Starting at the line below holding "Mujer Perneras anchas" and stopping at the line holding "ROLINE GOLD Cinch", print every line exactly, both ends included, and leave the rest out.
BEGIN DATA TO PROCESS
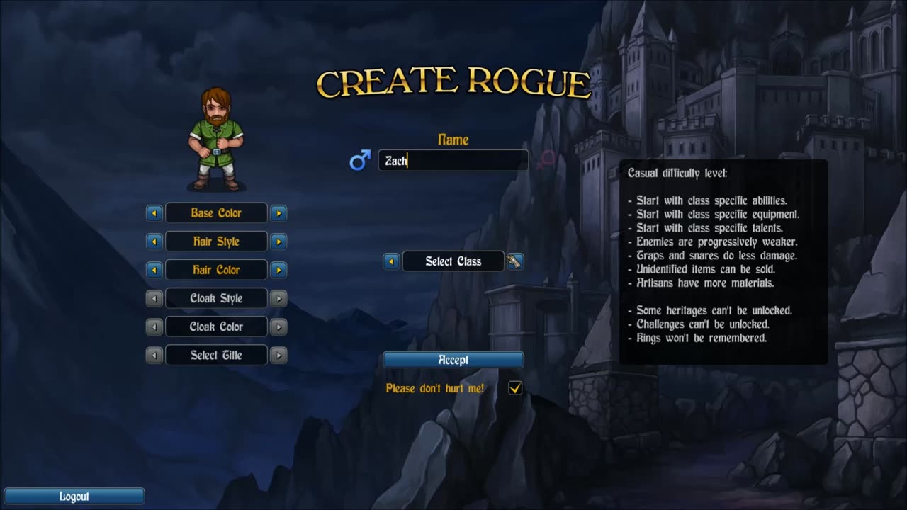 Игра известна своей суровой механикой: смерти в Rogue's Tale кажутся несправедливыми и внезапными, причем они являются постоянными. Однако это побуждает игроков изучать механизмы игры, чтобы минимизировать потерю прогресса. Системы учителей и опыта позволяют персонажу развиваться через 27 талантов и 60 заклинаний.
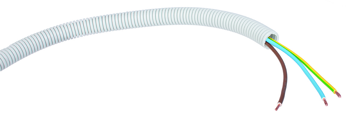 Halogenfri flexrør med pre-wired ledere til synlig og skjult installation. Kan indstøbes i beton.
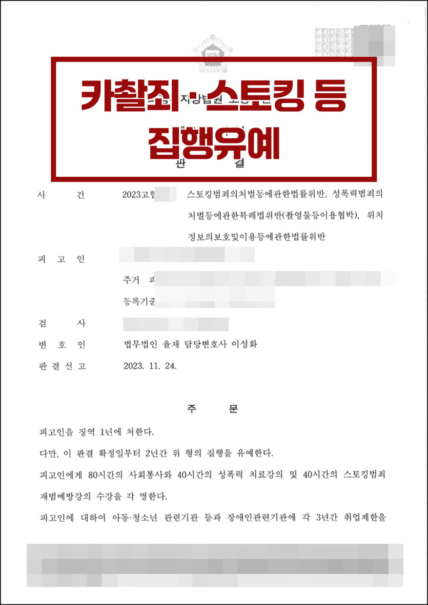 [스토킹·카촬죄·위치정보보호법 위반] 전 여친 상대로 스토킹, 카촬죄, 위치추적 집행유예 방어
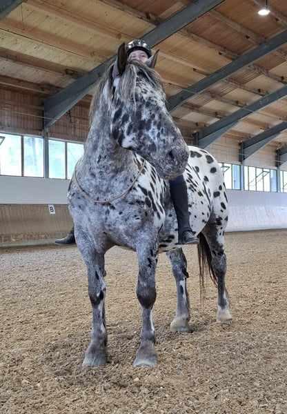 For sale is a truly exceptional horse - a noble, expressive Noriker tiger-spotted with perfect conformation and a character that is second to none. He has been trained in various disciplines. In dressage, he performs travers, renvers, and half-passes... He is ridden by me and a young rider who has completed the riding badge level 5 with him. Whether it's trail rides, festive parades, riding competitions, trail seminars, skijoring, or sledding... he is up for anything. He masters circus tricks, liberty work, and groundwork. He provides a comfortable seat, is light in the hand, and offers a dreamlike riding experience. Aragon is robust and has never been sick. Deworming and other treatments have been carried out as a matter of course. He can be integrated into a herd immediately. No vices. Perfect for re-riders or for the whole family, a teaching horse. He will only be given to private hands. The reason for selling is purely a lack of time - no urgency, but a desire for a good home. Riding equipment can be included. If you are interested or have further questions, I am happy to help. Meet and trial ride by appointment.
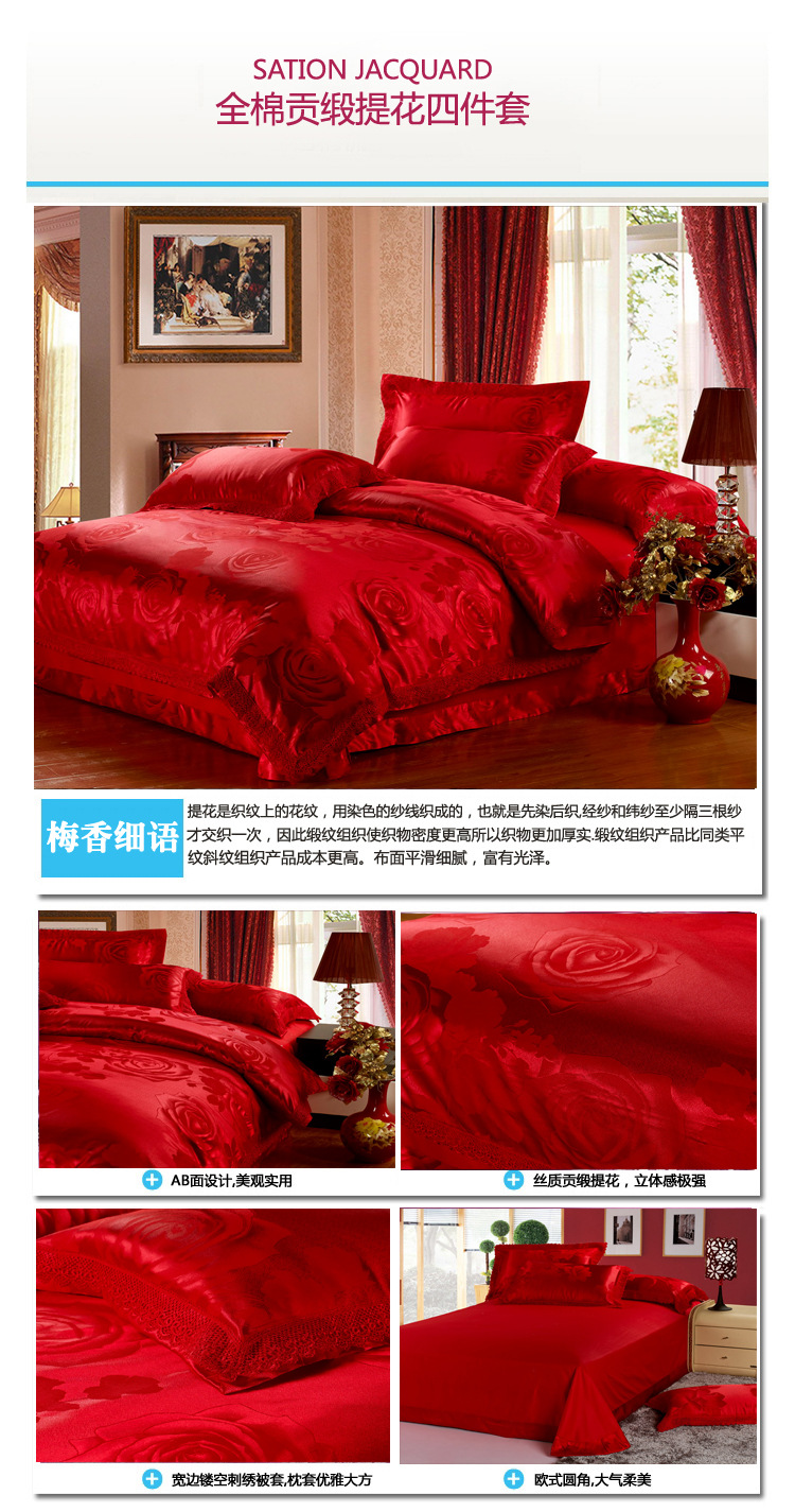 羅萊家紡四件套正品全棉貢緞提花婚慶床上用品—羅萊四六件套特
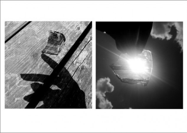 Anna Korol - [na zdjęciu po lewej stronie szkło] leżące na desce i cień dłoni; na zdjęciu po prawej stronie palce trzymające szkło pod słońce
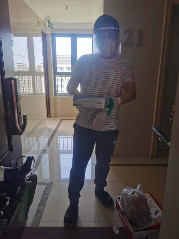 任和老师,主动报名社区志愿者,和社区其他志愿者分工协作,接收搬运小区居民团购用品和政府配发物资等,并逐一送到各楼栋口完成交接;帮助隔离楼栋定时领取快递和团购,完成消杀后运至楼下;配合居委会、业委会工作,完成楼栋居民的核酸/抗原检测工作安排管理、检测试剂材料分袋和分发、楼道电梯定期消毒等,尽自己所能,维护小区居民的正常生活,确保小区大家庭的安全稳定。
END DATA TO PROCESS
BEGIN DATA TO PROCESS
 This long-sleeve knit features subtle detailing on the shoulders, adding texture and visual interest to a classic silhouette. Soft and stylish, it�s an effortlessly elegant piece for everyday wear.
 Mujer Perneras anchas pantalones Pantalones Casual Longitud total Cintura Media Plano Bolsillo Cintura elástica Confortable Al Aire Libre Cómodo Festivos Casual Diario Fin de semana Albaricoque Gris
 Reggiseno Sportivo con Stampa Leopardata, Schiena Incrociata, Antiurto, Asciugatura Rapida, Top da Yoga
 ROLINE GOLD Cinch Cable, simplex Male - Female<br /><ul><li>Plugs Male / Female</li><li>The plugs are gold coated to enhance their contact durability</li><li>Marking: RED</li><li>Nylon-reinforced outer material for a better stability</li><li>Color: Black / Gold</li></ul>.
END DATA TO PROCESS
BEGIN DATA TO PROCESS
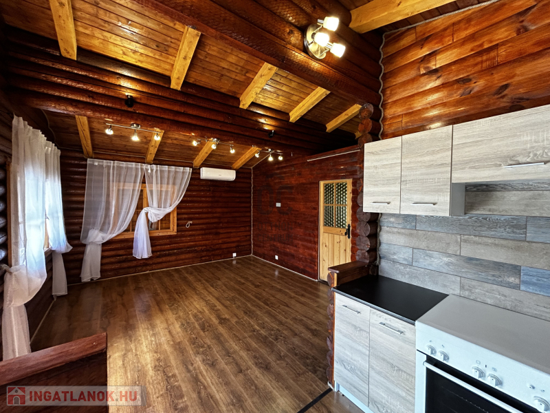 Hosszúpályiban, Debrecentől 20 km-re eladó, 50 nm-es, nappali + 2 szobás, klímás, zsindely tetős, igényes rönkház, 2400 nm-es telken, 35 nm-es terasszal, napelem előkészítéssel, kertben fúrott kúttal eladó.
END DATA TO PROCESS
● OUTPUT FOR THIS TASK:
 Mujer Perneras anchas pantalones Pantalones Casual Longitud total Cintura Media Plano Bolsillo Cintura elástica Confortable Al Aire Libre Cómodo Festivos Casual Diario Fin de semana Albaricoque Gris
 Reggiseno Sportivo con Stampa Leopardata, Schiena Incrociata, Antiurto, Asciugatura Rapida, Top da Yoga
 ROLINE GOLD Cinch Cable, simplex Male - Female<br /><ul><li>Plugs Male / Female</li><li>The plugs are gold coated to enhance their contact durability</li><li>Marking: RED</li><li>Nylon-reinforced outer material for a better stability</li><li>Color: Black / Gold</li></ul>.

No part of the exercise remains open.